- [Dataset excerpt]
════════════════════

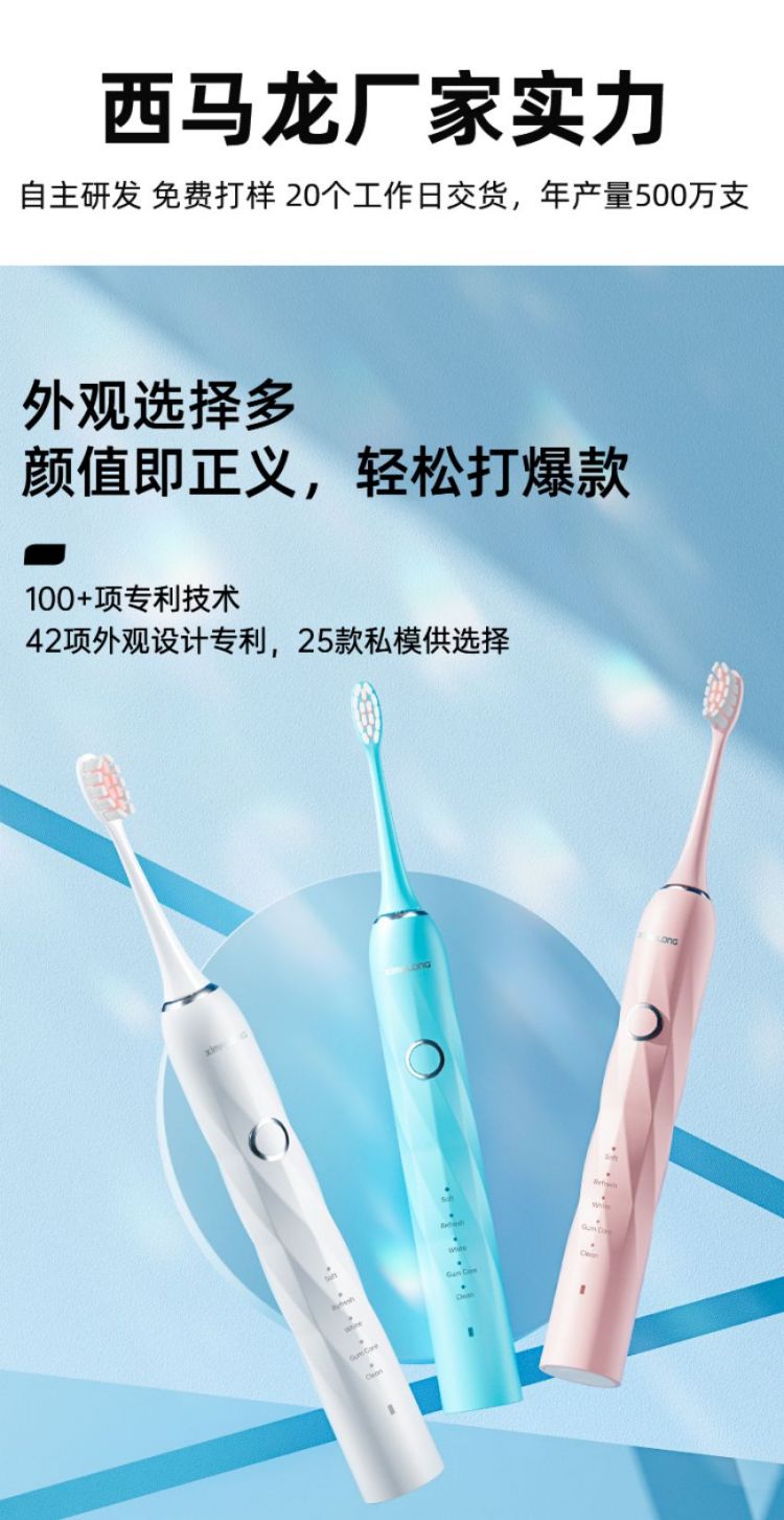 电动牙刷代工厂作为产业链中的重要一环,承担着将设计转化为实际产品的重任。它们不仅要有高效的生产能力和严格的质量控制体系,还要有创新的技术研发能力,以满足市场不断变化的需求。深圳西马龙正是这样一家集设计、研发、生产于一体的电动牙刷代工厂,它的存在和发展,为口腔护理产业的繁荣做出了巨大贡献。
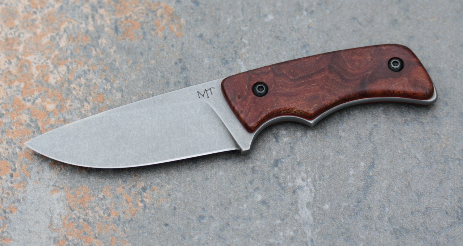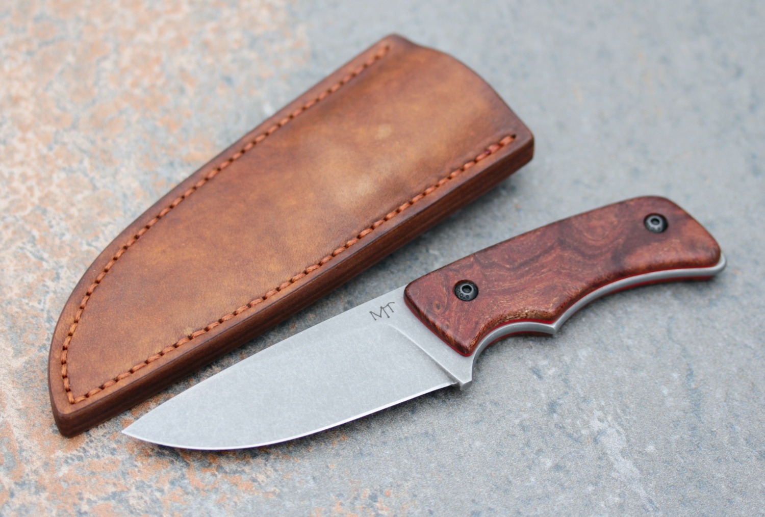 Dieses EDC Knife (EDC = every day carry) passt in jede Tasche bzw. jeden Rucksack. Der Stahl lässt sich sehr gut schärfen, ist aber nicht rostfrei. Um die Klinge vor Oxidation zu schützen, habe ich die Oberfläche mit Eisen-3-Chlorid geätzt und dann ein Stone-washed-Finish gemacht. Lediglich die Schneide braucht hin und wieder mal einen tropfen Öl, und das Messer sollte nicht lange nass gelagert werden.
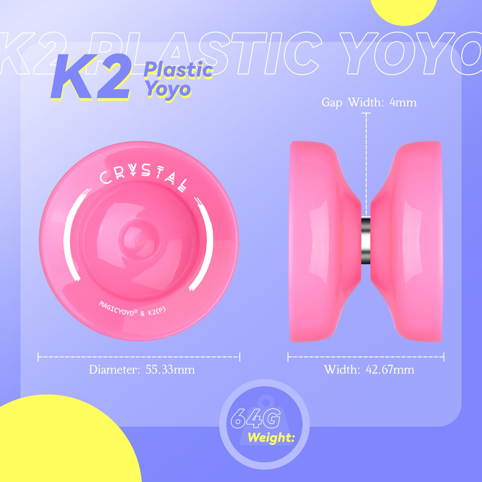 Wide range of color options: In addition to the beautiful pink color, the K2 Crystal is also available in a variety of other fascinating colors, including captivating color gradients, vibrant options, and sparkling star designs. Collect them all and create your own unique yo-yo collection!

════════════════════

- [Exercise goal]
Could you write out every line above exactly as it stands, with no images?

- [Task result]
 电动牙刷代工厂作为产业链中的重要一环,承担着将设计转化为实际产品的重任。它们不仅要有高效的生产能力和严格的质量控制体系,还要有创新的技术研发能力,以满足市场不断变化的需求。深圳西马龙正是这样一家集设计、研发、生产于一体的电动牙刷代工厂,它的存在和发展,为口腔护理产业的繁荣做出了巨大贡献。
 Dieses EDC Knife (EDC = every day carry) passt in jede Tasche bzw. jeden Rucksack. Der Stahl lässt sich sehr gut schärfen, ist aber nicht rostfrei. Um die Klinge vor Oxidation zu schützen, habe ich die Oberfläche mit Eisen-3-Chlorid geätzt und dann ein Stone-washed-Finish gemacht. Lediglich die Schneide braucht hin und wieder mal einen tropfen Öl, und das Messer sollte nicht lange nass gelagert werden.
 Wide range of color options: In addition to the beautiful pink color, the K2 Crystal is also available in a variety of other fascinating colors, including captivating color gradients, vibrant options, and sparkling star designs. Collect them all and create your own unique yo-yo collection!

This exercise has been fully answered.